Charles Hudson (1828-1865)
THE Rev Charles Hudson was the Anglican Vicar of Skillington.
But according to his parishoners, he climbed more mountains than he preached sermons.
He was seldom seen at his pulpit. His attention was usually elsewhere.
Hudson was one of the most important climbers of the golden age of alpinism.
An immensely strong walker, he is considered a pioneer of guideless and winter climbing in the western Alps, having made the first guideless ascent of Mont Blanc in 1855, the first official ascent of Mont Blanc du Tacul in 1855, a guideless ascent of the Breithorn and a near ascent of the Aiguille du Goûter solo in winter, being forced back close to the summit by fresh snow.
Among his guided climbs were the first ascent of Monte Rosa in 1855, the first completed passage of the Mönchjoch in 1858, the first ascent of Mont Blanc by the Goûter route (incomplete) in 1859 with E. S. Kennedy and party, and the second ascent of the Aiguille Verte (the first by the Moine ridge) in 1865 (with T. S. Kennedy and Michel Croz).
He was killed attempting to scale the Matterhorn.
At 14,000-feet his party came to an overhanging cliff but managed to reach the Swiss peak.
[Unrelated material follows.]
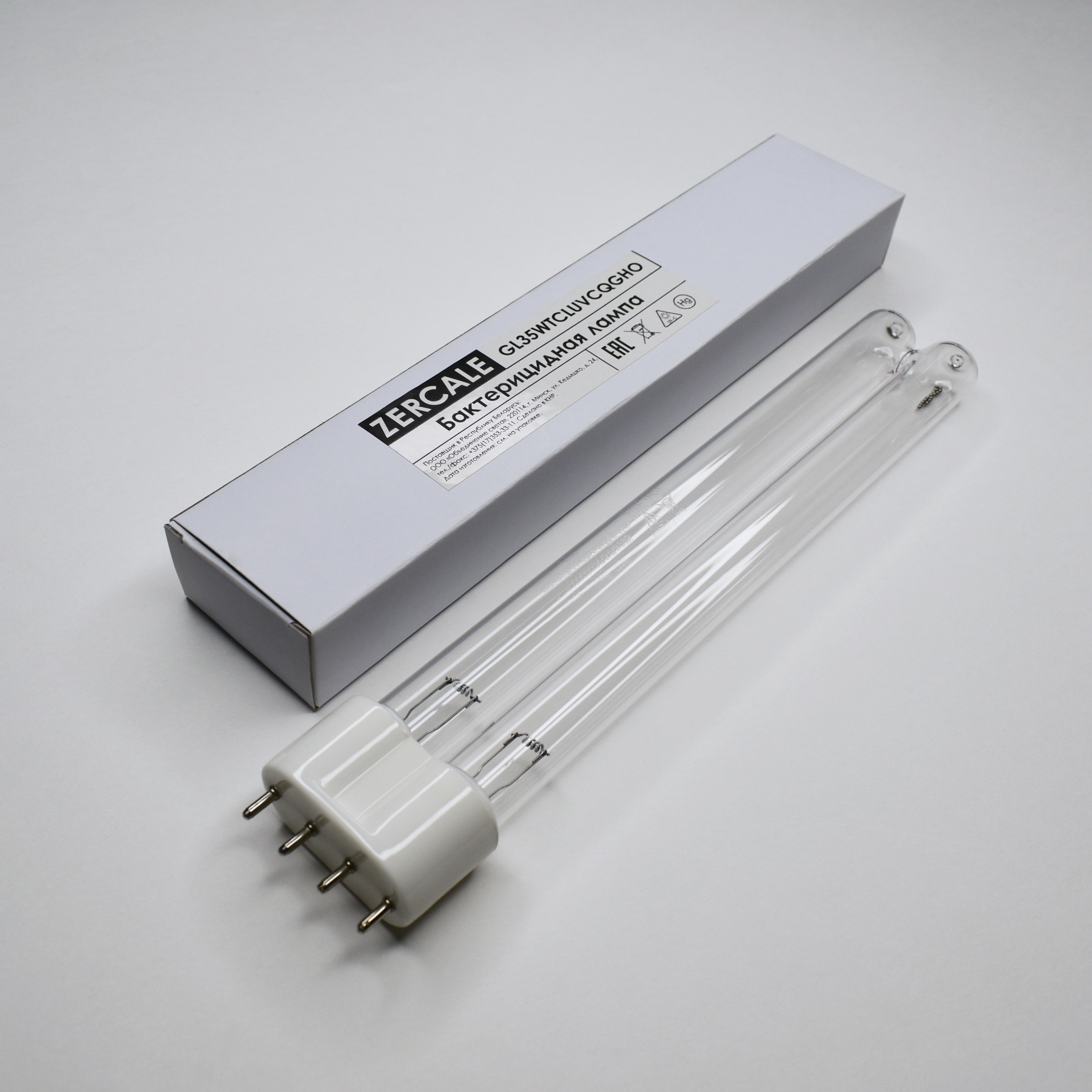 Лампа бактерицидная Zercale Compact GL35WTCLUVCQGHO 2G11 225mm, компактная, кварцевое стекло, без озона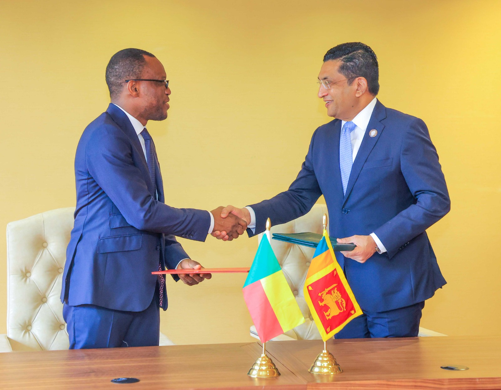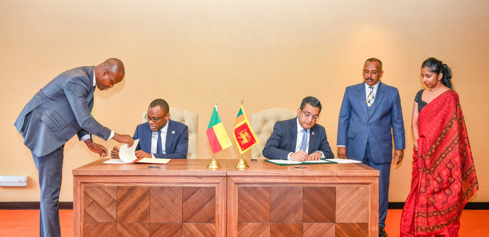 இலங்கைக்கான வெளிநாட்டலுவல்கள் அமைச்சர், ஜனாதிபதி சட்டத்தரணி அலி சப்ரி மற்றும் பெனின் குடியரசு சார்பாக அந்நாட்டு வெளிவிவகார அமைச்சர் (Olushegun Adjadi Bakari ) ஆகியோர் இந்த ஒப்பந்தத்தில் கையெழுத்திட்டனர்.

Two hours later they crossed from the east face to the north one.
It was then disaster struck.
Fellow climbers Hadow and Croz collided sending them flying through the air dragging Hudson and Alfred Douglas with them .
Whymper and the other two climbers took the strain, but the rope snapped, sending the four mountaineers hurtling to their deaths 4,000 feet below.